#### PROVIDED RECORDS

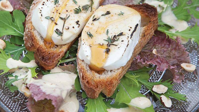 Tostadas de queso de cabra con miel y tomillo con ensalada de hojas y vinagreta de miel
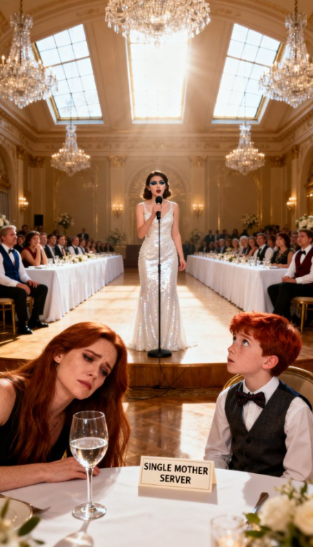 De kamer reageert als één lichaam. Schouders recht, gesprekken stierven uit, en alle ogen richtten zich op het tafereel… En voor mijn zoon.
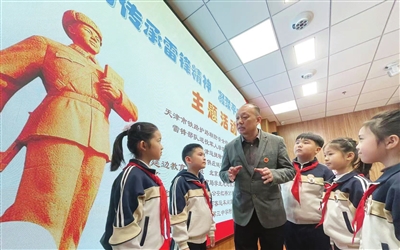 天津市第三中学附属小学邀请雷锋部队退役军人学雷锋联合会等单位走进校园,开展主题活动。 本报记者 张磊 摄
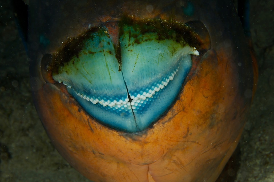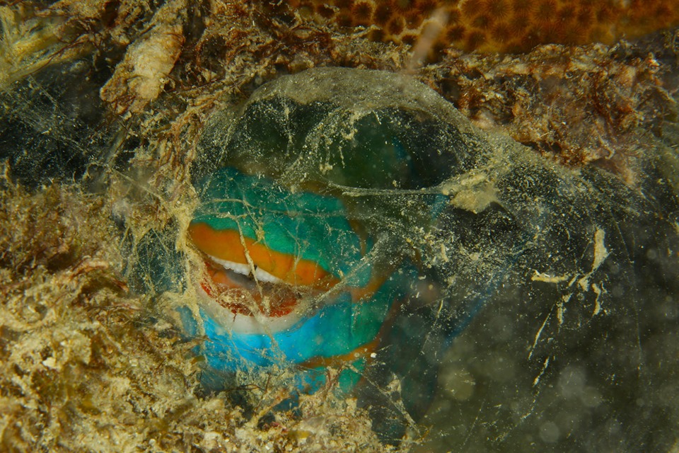 Pero algunas especies de loros, especialmente el Queen Parrotfish o Scarus vetula, se refugian dentro de una cavidad pequeña del arrecife y segregan un mucus que cubre casi todo su cuerpo, esta sustancia transparente parece que crea una barrera protectora, donde los depredadores no pueden oler su esencia, especialmente las morenas que son cazadoras nocturnas y dependen de su olfato para localizar a sus presas. Esa es la explicación al comportamiento del pez loro que mostramos en una publicación anterior.
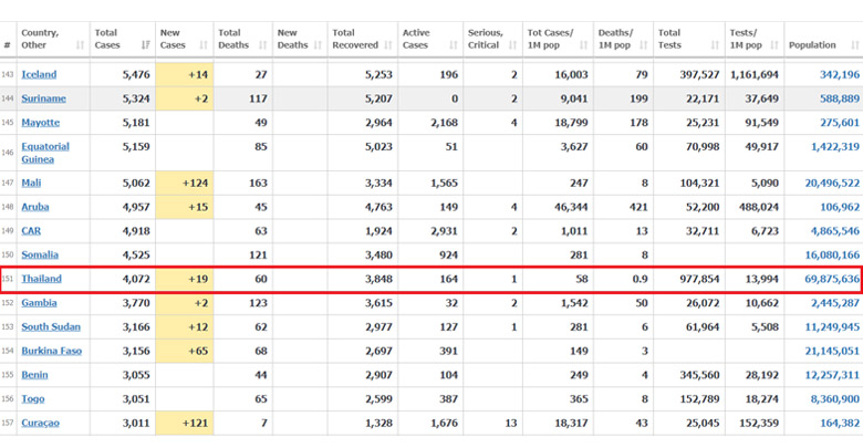 ส่วนประเทศไทยอยู่ในอันดับที่ 151 มีผู้ติดเชื้อ 4,072 ราย เพิ่มขึ้น 19 ราย เสียชีวิต 60 ราย รักษาหาย 3,848 ราย
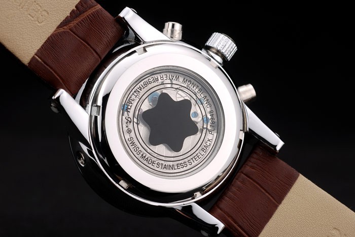 Crown: Polished stainless steel cutwork crown with MontBlanc logo and two polished stainless steel push button crowns on either side of it
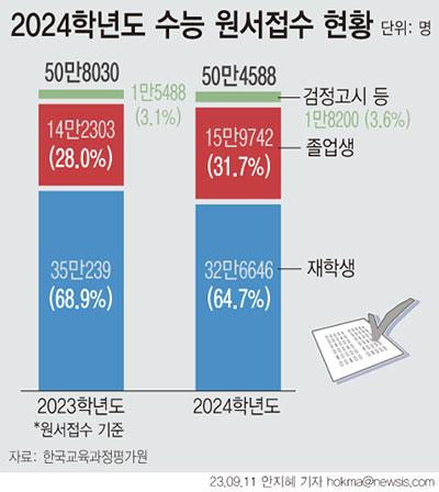 한국교육과정평가원(평가원)은 지난달 24일부터 9월8일까지 실시한 2024학년도 수능 응시원서 접수 결과, 수험생 총 50만4588명이 접수했다고 11일 밝혔다.
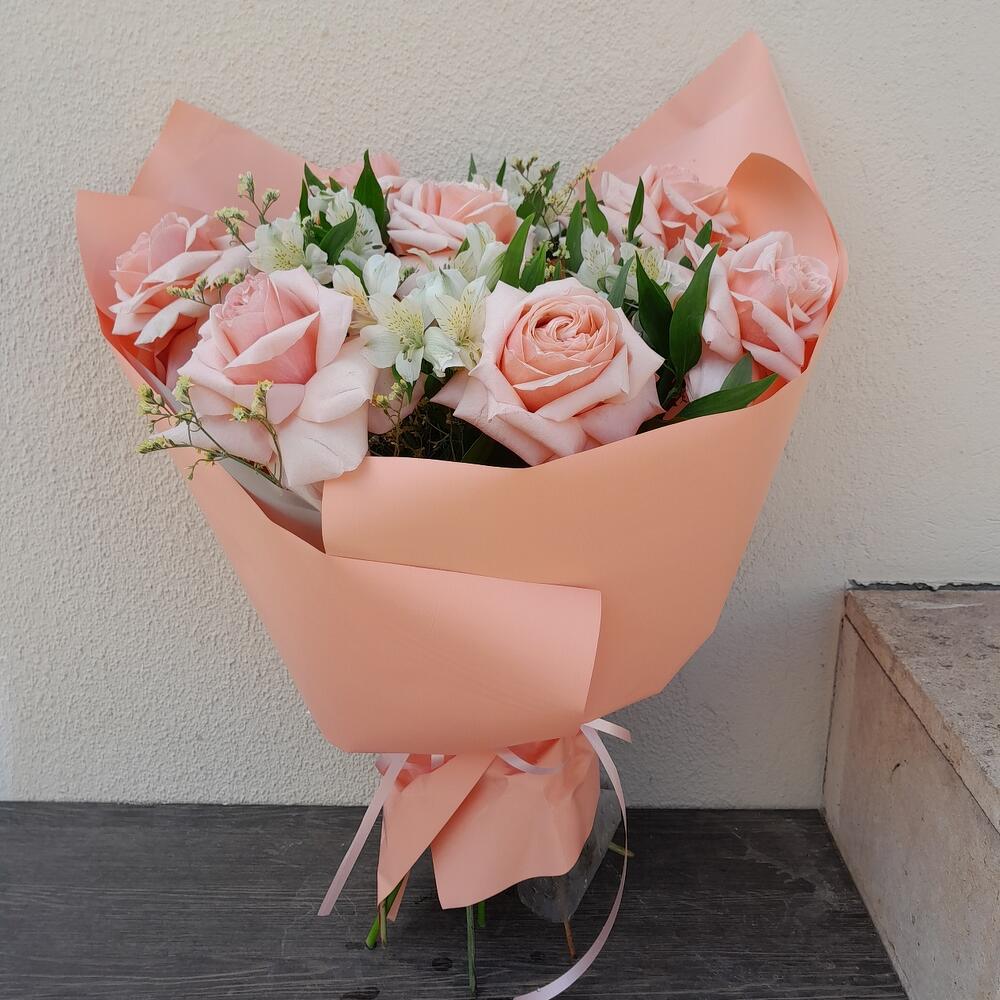 Альстромерия – 6 шт.Лимониум – 3 шт.Лента атласная – 2 шт.Упаковка дизайнерская – 3 шт.Роза французская – 7 шт.

########

PROBLEM
Excluding the pictures, retype the line containing "Crown: Polished stainless" and all lines after it down to the end of the data above.

PROBLEM SOLUTION
 Crown: Polished stainless steel cutwork crown with MontBlanc logo and two polished stainless steel push button crowns on either side of it
 한국교육과정평가원(평가원)은 지난달 24일부터 9월8일까지 실시한 2024학년도 수능 응시원서 접수 결과, 수험생 총 50만4588명이 접수했다고 11일 밝혔다.
 Альстромерия – 6 шт.Лимониум – 3 шт.Лента атласная – 2 шт.Упаковка дизайнерская – 3 шт.Роза французская – 7 шт.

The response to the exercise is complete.